All of this says two things to me. First, this area could benefit hugely from a school like Kakenya’s, and as you can see, the fact that it is a boarding school would make even more difference. Second, I’ve noticed an interesting pattern here in Kenya whereby once a place or person has a little education, there are more political rankles amongst the people who do have some power, position, or wealth. A person uses their slightly elevated stature to impress their supposed superiority upon those with less education, and to try to grasp onto those at the top, with much more education or wealth. And sadly, I am told by friends, this behavioral trend does often seem to get in the way of a community’s own development.
Some of the highlights of the trip were definitely the aspects of the very traditional lifestyle I got to witness first hand. The most exhausting of which was the massive distances people walk to get anywhere.
One’s “boma” (similar to a farmstead of sorts) might be at least an hour apart from one’s closest neightbor’s. The “town” centre of Pusanki is a two-hour walk from Mama Ryle’s through expanses of bush and savannah that to me have hardly any directional signs or paths other than the direction of that burning sun. This is the kind of remote place where the only available clinic to most people is a once monthly mobile clinic that comes to the town of Kawai, an hour and a half away. No wonder the Maasai need such long legs.
I got to see (but not sleep in!) traditional beds that are just a raised mud platform (“built in furniture” for the traditional mud house) covered in a cow skin. I was given a fantastic beaded rungu to pass on to my father. I walked among gazelles, antelope, and herds of wild Zebra intermingling with the herds of grazing cows…and heard the lion’s roar (from “very far away”) in the night.

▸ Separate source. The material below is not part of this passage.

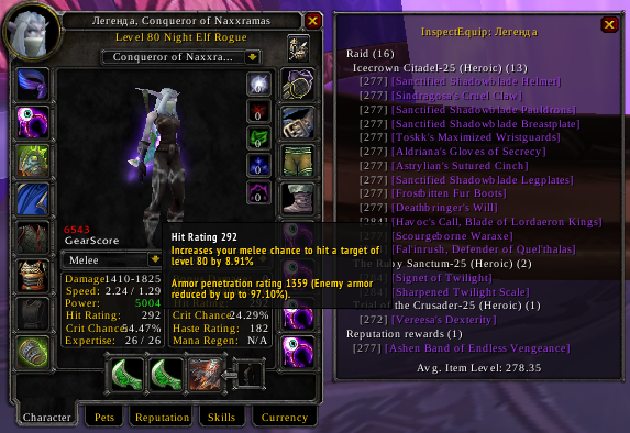 Плюсы сборки: Оптимальное кол-во статов, больше хита без просадок по криту. Бис лист с целью вытеснить миссы автоатаки из развертки и превратить их в криты. Меткость варьируется от 292 до 322 в зависимости от фракции (за альянс роге ВСЕГДА нужен дреней в пати, потому что вместо 3 чистых камней в хит пихаются 3 10аги+10хит, чтобы повысить криткап для автоатак, который нивелируется дренеем). В этой сборке также собираются все сокетбонусы за исключением шеи (нигде не собирается т.к. синий) и ботинок (+6 аги с 2 желтых дыр). Помимо этого, не будет миссов ядов в пачки при фул хит камнях (315 кап на яды без шп, а с 322 по пачкам треша на которых нет дебафа яды миссовать не будут). ЕДИНСТВЕННАЯ сборка помимо 6531 в которой можно гонять с Инжой + Портнягой!

I also got to see and greet (and take tourist photos with) morans – the age set of young men who go off and live together in an isolated grouping of specifically built houses after their circumcisions. They are ostensibly training to be warriors and learning how to protect their people and their people’s cows, but they seem to spend a lot of time doing their hair, eating, and bringing in young women. It is a beautiful tradition in the beads and adornments but I don’t like what it stands for: never, ever in this culture would years of time be set aside for women to preen and make merry like the morans.
To my surprise, even Mama Kakenya said she had never been to a Maasai home quite as deep in the bush as this. I’m so lucky to have had insider access to this in my meager 2 months here, considering Mama has been here for…well, a long time. I would take a trip to Pusanki over a safari in the Mara any day – the conversations about education are so much more stimulating.